No, it does not. It's an artefact of the evolution of the language and highly undesirable. Rust has destructive moves (and copies built on top of moves, rather than the other way round) and it's far cleaner.

1 comments

Sure, if you never need to deal with actual low-level high-performance systems code. Just because this use case doesn’t apply to anything you do doesn’t mean it applies to nobody. This is the kind of attitude that undermines languages like Rust (which I use in my systems). A fair criticism of Rust as a “systems language” is that it simply excludes all the really difficult parts of being a systems language.

C++ deserves a lot of criticism. Many aspects of the language are quite fucked. But willfully ignoring that it solves real problems that other nominal systems languages are unwilling to address doesn’t mean those problems don’t exist.
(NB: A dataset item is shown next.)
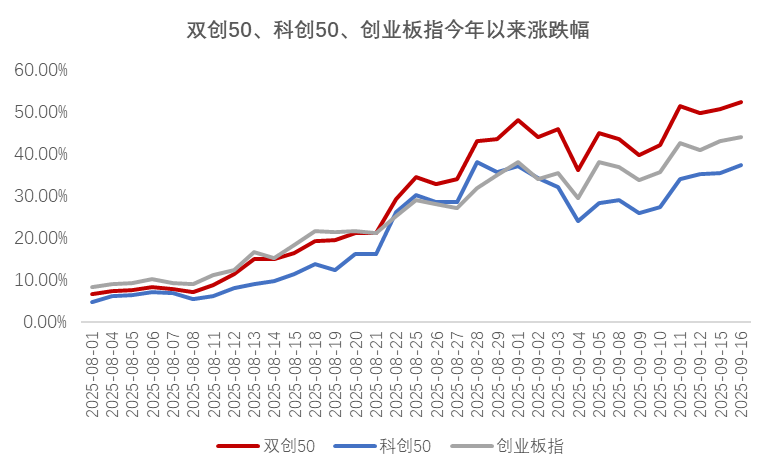 科创创业50指数从科创板和创业板中选取市值较大的50只新兴产业上市公司证券作为指数样本,以反映科创板与创业板中代表性新兴产业上市公司的整体表现。该指数汇聚了两大板块的龙头企业,涵盖新一代信息技术、高端装备制造、新材料、生物产业等新兴行业。2025年8月下旬以来,科创创业50指数走势显著优于科创50和创业板指。截至9月16日,双创50指数今年以来上涨52.43%,涨幅超越科创50指数15.11%、超越创业板指8.25%。整体来说,科创创业50指数呈现出了更加强劲向上的收益曲线。(iFinD ,2025.9.16)

Respectfully, the value of a c++ wrapper/implementation comes from the fact that it behaves like one would expect a C++ classes to behave. That is, RAII, and so on.

If the underlying resource can not behave like a class, it would be better to expose a free function style api, eg:

    Handle h = ResourceGet();
    ResourceDoSomething(h);
    h.release();
> Sure, if you never need to deal with actual low-level high-performance systems code.

What are you talking about? It's perfectly possible to write high performance code in C++ without violating the basic idioms if its type system. How would that even help? It sounds like you had some past project where you just didn't have the imagination to come up with a workable design. That's not my (or C++'s) fault.

The irony is, your comment reads as though you're defending C++ against my criticism of it. But actually your assertion that you have to violate move semantics to get performance out of C++, if that made the slightest but of sense, would be more of a criticism than anything I said.